Autre experience: j’avais un chaton que j’appelais “lapin” (parce qu’en fait j’avais prevu de prendre un lapin et au dernier moment j’ai achete un chat). J’ai du renoncer a l’appeler ainsi car tous mes amis me disaient que cela allait le perturber et attribuaient d’ailleurs le fait qu’il n’arrete pas de sauter partout a son prenom… je lui ai donne un nom de chat et tout est rentre dans l’ordre!
Un commentaire par Ixtlan (10/08/2008 à 17:58)
@Colette Méchin
Pas de bonus le jour de la saint Michel pour la petite bête… En fait on a clairement choisi ce prénom en référence à un fermier alcoolique du village… On sait que c’est bas, mais le regard qu’on porte sur l’animal, du coup, est fortement biaisé. On lui associe les caractéristiques du vrai bonhomme sans aucun effort…
Un commentaire par Laurent (12/03/2009 à 11:35)
En principe, le nom d’un chien a une initiale en fonction de son année de naissance.
De plus, lorsqu’un chien vient d’un élevage agréé par la Société Centrale Canine, il porte ce qu’on appelle l’affixe de cet élevage. Ce n’est pas nécessairement le nom de leur père ou de leur mère, qui peuvent provenir d’un autre élevage.
Ainsi, les chiens peuvent avoir un “prénom” et un “nom de famille”.
Exemple : mes chiens, deux frères de portée nés en 2006, s’appellent Boudionny et Boyar (ce sont des barzoïs, de qui explique qu’ils aient des noms russes).
L’affixe de leur élevage est Homiérovitch Boldareffchino.
Leurs papiers (pédigrée, carnet de vaccination, etc…) portent les noms suivants:
Boudionny Homiérovitch Boldareffchino et Boyar Homiérovitch Boldareffchino.
A l’étranger, il peut arriver que l’affixe précède le nom.
Un commentaire par Baptiste Coulmont » Recherche étudiants de master (19/04/2010 à 13:58)
[…] des animaux domestiques ? Comment ces prénoms sont utilisés (par les vétérinaires notamment) ? Un début de réflexion ne me suffit pas. Ce sujet sera sans doute plus difficile à traiter : la question de départ est […]

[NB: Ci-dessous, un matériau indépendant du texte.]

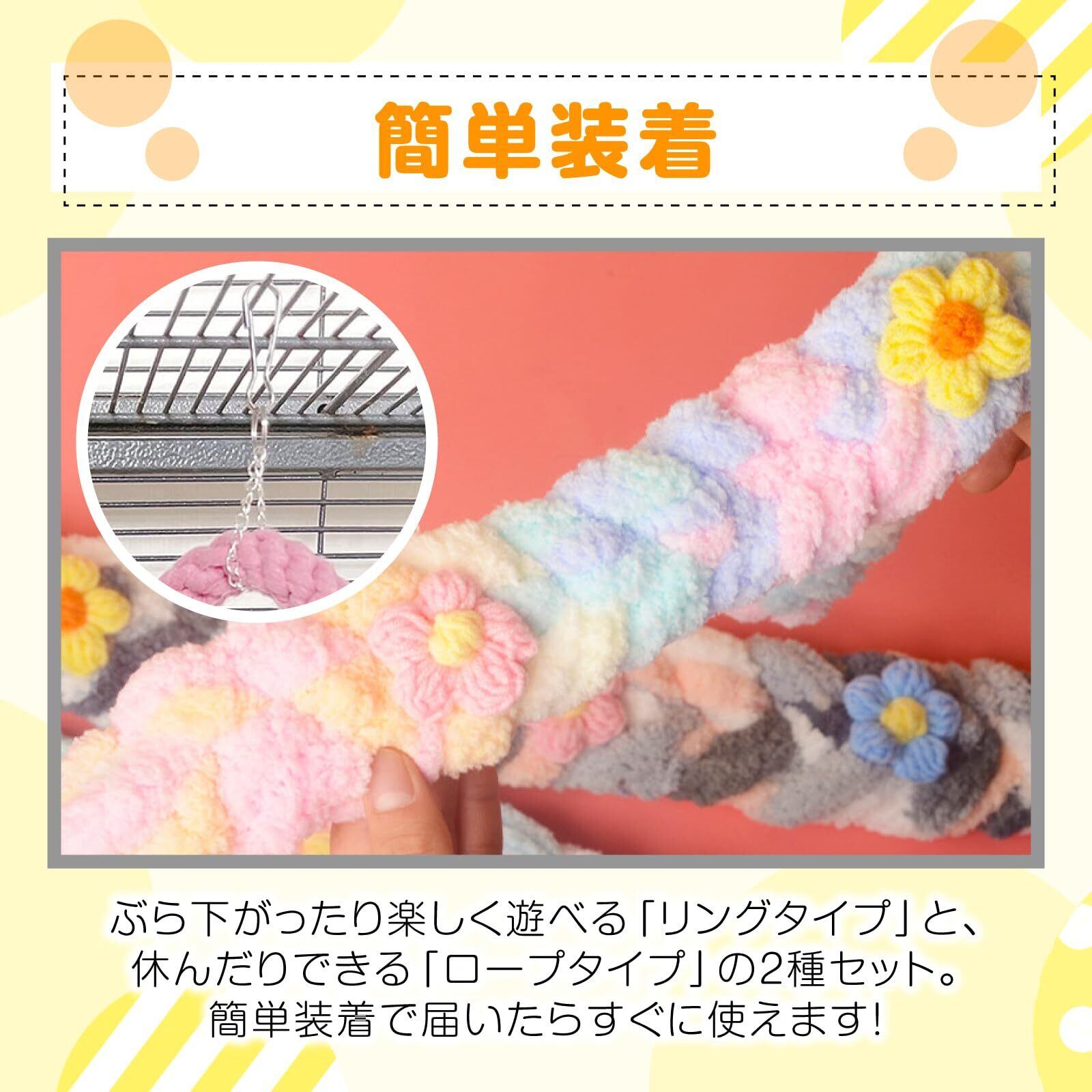 モモンガや小動物、小鳥などに!ペットが喜ぶ2点セットです。登ったりぶら下がったり楽しく遊べる「リングタイプ」と、上を渡ったり休んだりできる「ロープタイプ」の2種セット。フックがついているため、簡単装着で届いたらすぐに使えます!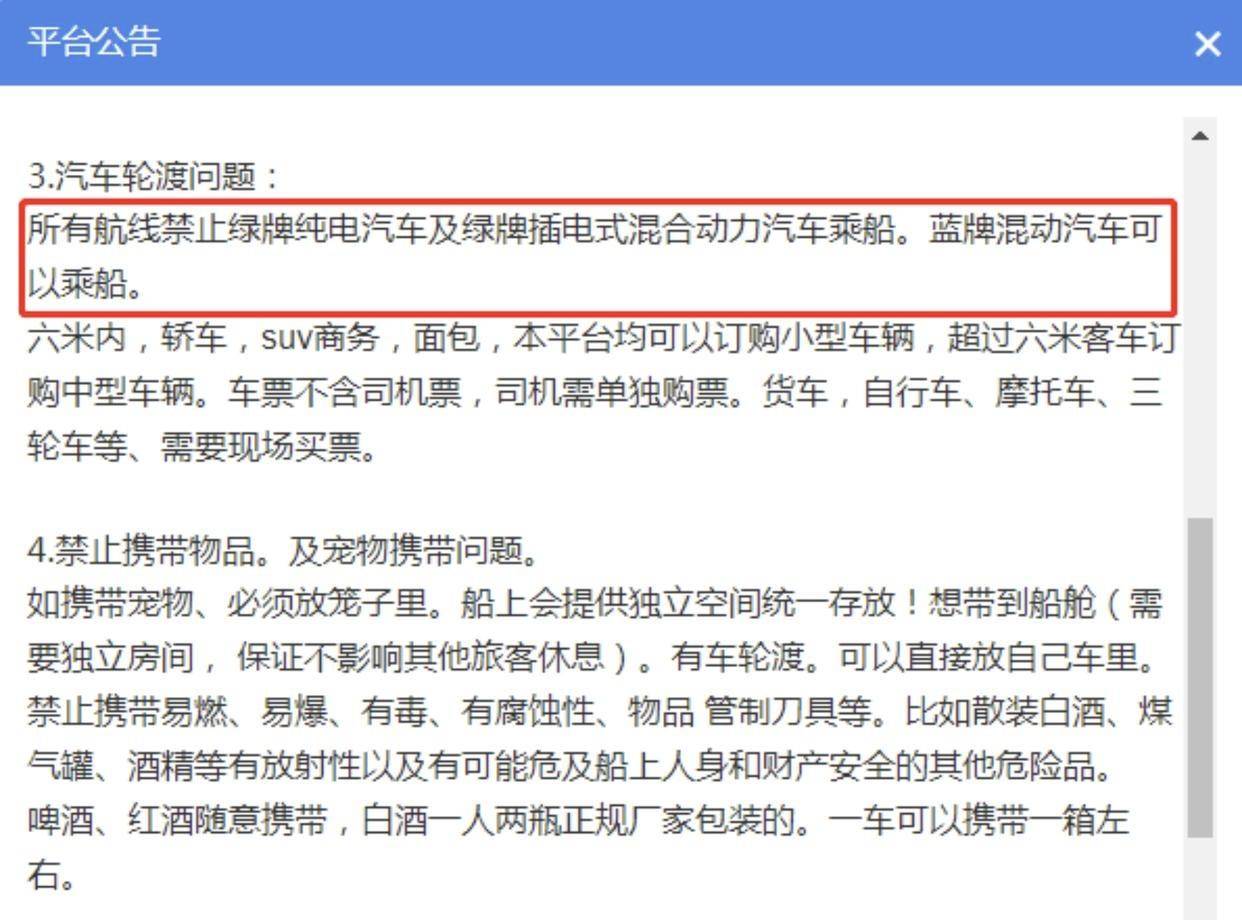 2月20日,頂端新聞致電大連海港官方客服,接線人員回復(fù)確實(shí)有此規(guī)定:“綠牌車、純電車、插電式混合動力綠牌汽車,公司規(guī)定暫時不允許開上輪渡的客貨滾裝船,但藍(lán)牌混動暫無此規(guī)定。”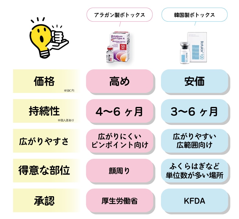 アラガン製の方が合う方も、韓国製の方が合う方もいらっしゃいます。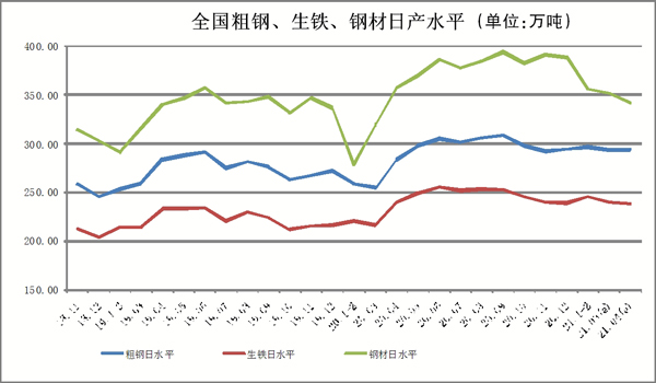 根據(jù)重點(diǎn)統(tǒng)計(jì)鋼鐵企業(yè)產(chǎn)量估算,本旬全國(guó)共生產(chǎn)粗鋼2933.68萬(wàn)噸,日產(chǎn)粗鋼293.37萬(wàn)噸、環(huán)比增長(zhǎng)1.14%、同比增長(zhǎng)12.60%;生產(chǎn)生鐵2386.64萬(wàn)噸,日產(chǎn)生鐵238.66萬(wàn)噸、環(huán)比增長(zhǎng)0.70%、同比增長(zhǎng)8.10%;生產(chǎn)鋼材3422.50萬(wàn)噸,日產(chǎn)鋼材342.25萬(wàn)噸、環(huán)比下降0.83%、同比增長(zhǎng)12.73%。本月累計(jì)平均日產(chǎn),全國(guó)粗鋼環(huán)比下降0.05%、同比增長(zhǎng)12.60%,生鐵環(huán)比下降0.36%、同比增長(zhǎng)8.10%,鋼材環(huán)比下降2.58%、同比增長(zhǎng)12.73%。
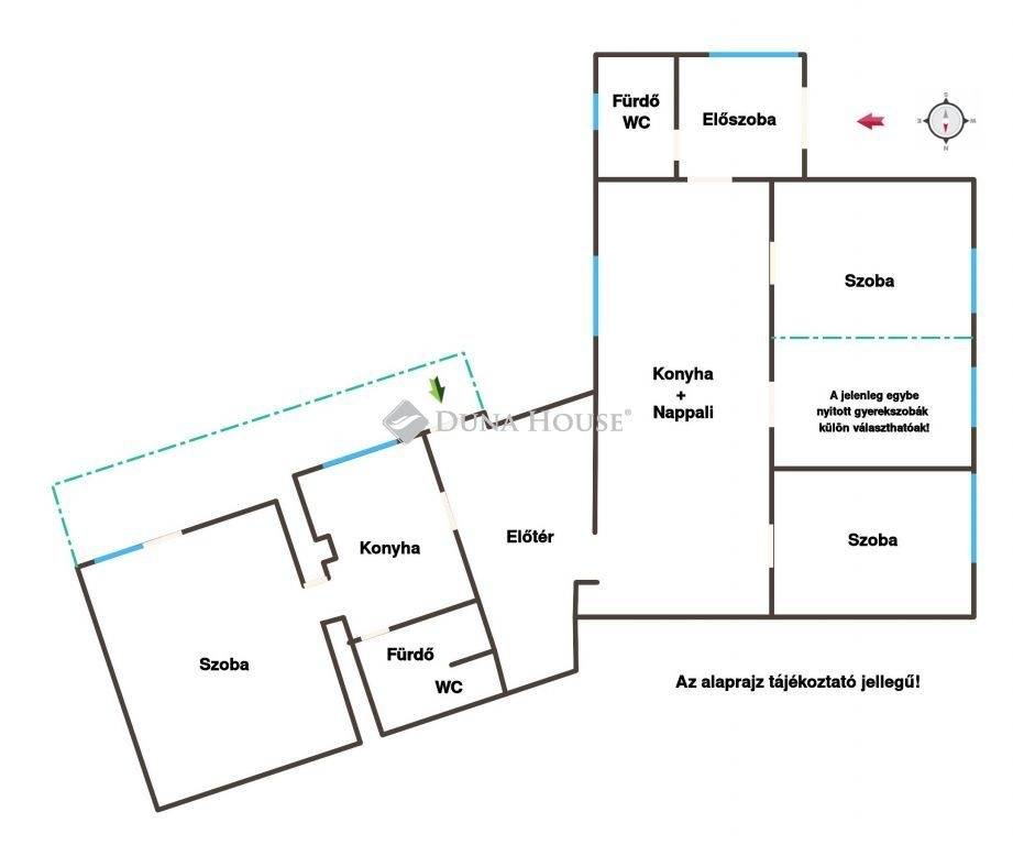 A jelenlegi nagyobb hálószoba két külön helyiséggé alakítható

Un commentaire par Colette Méchin (17/03/2012 à 16:18)
Juste en clin d’oeil…
Je viens de sortir (enfin!) mon analyse sur les prénoms. ça s’appelle “La fabrique des prénoms” chez L’Harmattan. A partir d’enquêtes en profondeur je visite la manière dont, tout en croyant être singulier, tout le monde construit (ou participe à la construction) d’un prénom… J’y reprends (sans l’enrichir) le thème de la nomination animale…
C.M.
Un commentaire par Baptiste Coulmont (17/03/2012 à 16:20)
J’ai acheté votre livre dès sa sortie.